Es kann dahinstehen, ob die Unfallfolgen mit einer MdE um 10 v.H. (so Dr. T und Dr. N) oder unter 10 v.H. (so Dr. I1) zu bewerten sind. Denn Anhaltspunkte für eine Stützrentensituation (§ 581 Abs 3 RVO; vgl dazu Hauck. aaO, Rdnrn 95ff) bestehen nicht. Zu Recht haben Dr. T und Dr. H darauf hingewiesen, dass der Endgliedverlust des rechten Mittelfingers (Folge des Arbeitsunfalls von 1972) keinen wirtschaftlich messbaren Schaden (dh MdE = 0 v.H.) darstellt, also nicht mit einer MdE von mindestens 10 v.H. zu bewerten ist. Eine solche ist nach den allgemeinen Erfahrungssätzen in der gesetzlichen Unfallversicherung regelmäßig erst bei Verlust des gesamten Mittelfingers anzunehmen (Schönberger/Mehrtens/Valentin. Arbeitsunfall und Berufskrankheit. 7. Auflage 2003, S 641ff; Mehrhoff/Muhr. Unfallbegutachtung. 10. Auflage 1999, Anhang 1, S 288). Folgen der Arbeitsunfälle aus den Jahren 1975 und 1982 sind weder behauptet noch sonst ersichtlich.

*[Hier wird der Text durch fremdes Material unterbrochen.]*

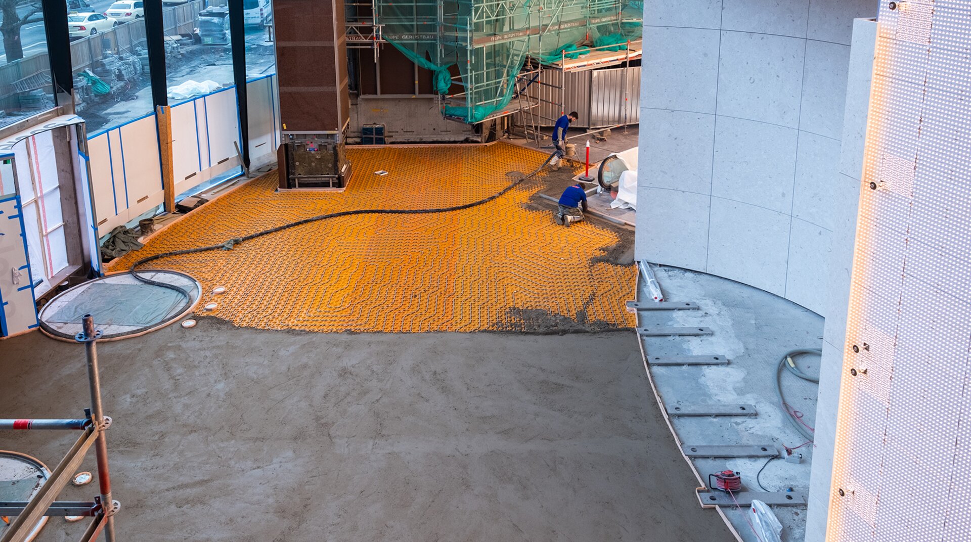 Der markante Frankfurter Messeturm – weithin als „Jahn-Tower“ bekannt – präsentiert sich seit Ende 2023 in neuem Glanz. Im Zuge der Modernisierung der Lobby wurde auf rund 1.100 Quadratmetern die energiesparende Fußbodenheizung Schlüter-BEKOTEC-THERM verlegt. Und das bei laufendem Betrieb.

Weitere Ermittlungen sind nicht geboten. Dr. T hat überzeugend darauf hingewiesen, dass von den von Dr. I angeregten Untersuchungen ein zusätzlicher Erkenntnisgewinn für die Beurteilung der streitigen Zusammenhangsfrage nicht zu erwarten ist, diese vielmehr bereits auf der Grundlage der vorliegenden Befunde beantwortet werden kann.
Die Kostenentscheidung beruht auf §§ 183, 193 Abs 1 SGG.
Anlass, die Revision zuzulassen, besteht nicht, § 160 Abs 2 SGG. Insbesondere hat die Rechtssache keine grundsätzliche Bedeutung. Maßgeblich für die Entscheidung sind vielmehr die zu würdigenden konkreten Umstände des Einzelfalls.